Comparable Sales: Increased 3% on a constant currency basis, consistent with the prior quarter.
Gross Profit: Reached $1.4 billion, up 12%, with a gross margin of 58.5% versus 57% in Q3’23 (or 58.1% adjusted for last year's Lululemon Studio obsolescence charge). Margin improvement was driven by product margin gains, favorable FX, and leverage, partially offset by higher distribution costs.
Operating Profit: Benefiting from higher gross margin and sales leverage, operating profit surged 45% to $490.6 million, with an operating margin of 20.5% compared to 15.3% in Q3’23 (19.8% when adjusted for prior year's impairment charges). SG&A expenses grew 8%, driven by payroll and higher digital marketing costs.
Diluted EPS: $2.87, up 46% (13.4% adjusted).
Overall, solid results, with metrics trending in the right direction.
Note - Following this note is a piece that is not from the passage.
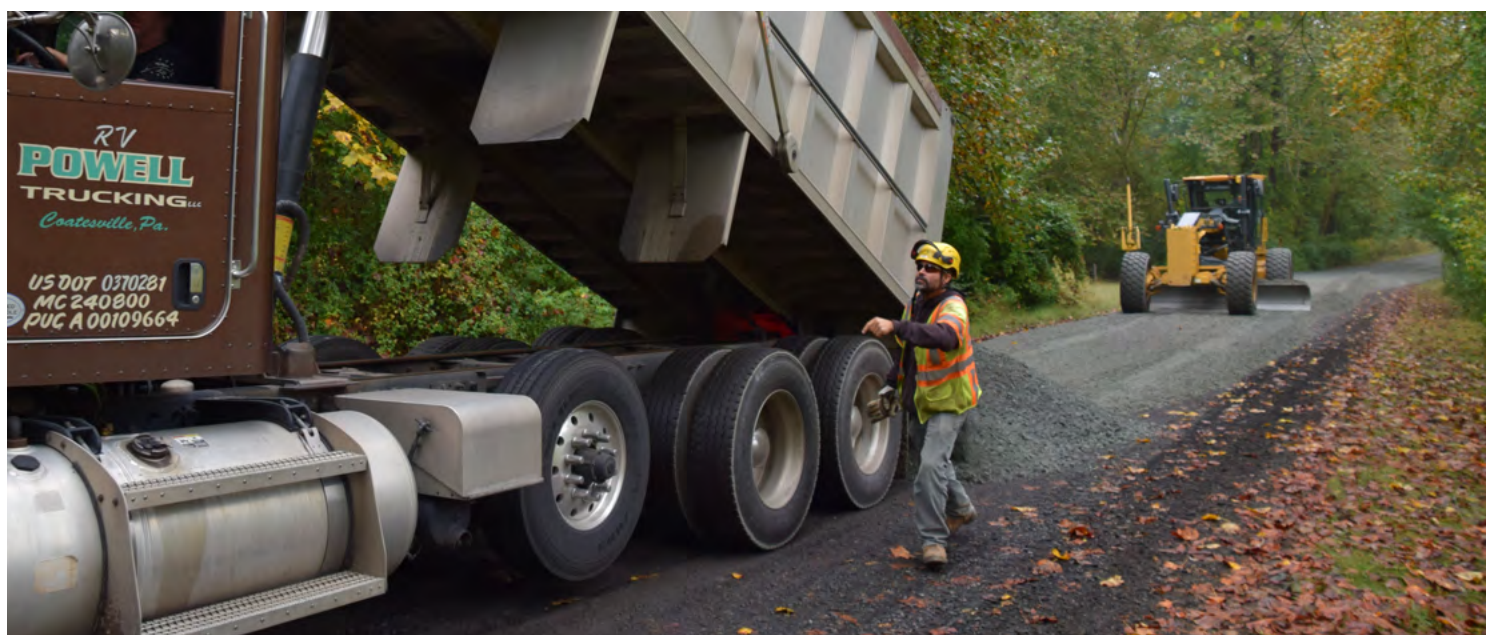
A load of rocks being delivered - by Jack Miller

Final touch - The lines were painted on the new road surface in early November. Please enjoy your Long Term Improvement safely!

Source: Koyfin (20% off for StockOpine readers and 3 months free trial for annual premium members)
2. Segmental
Americas
Americas Performance: The Americas region remained under pressure as comparable sales declined by 2%, driven by lower conversion. However, higher dollar value per transaction and new/expanded stores contributed to a 2% total revenue increase, reaching net sales of $1.77 billion. Canada stood out with impressive 9% growth within the region.
Margins: Income from operations as a percentage of sales remained stable at 37% (vs. 36.8% in Q3’23), benefiting from SG&A leverage. Gross margin, however, was slightly lower due to deleverage in occupancy and distribution costs.
Product Team Changes: Improvements in the U.S. product team are beginning to show results, addressing prior struggles with newness. This progress positions the U.S. market for potential growth, particularly given unaided awareness is currently just 36%.
Membership Growth: Membership increased to 24 million, up from 20 million in the prior quarter, underscoring the brand's resilience and strength.
Commentary on Newness:
Calvin McDonald, CEO, highlighted
“I'm proud of how our leaders and teams pushed forward this quarter and how we have made meaningful progress in creating the product organization to drive our future success.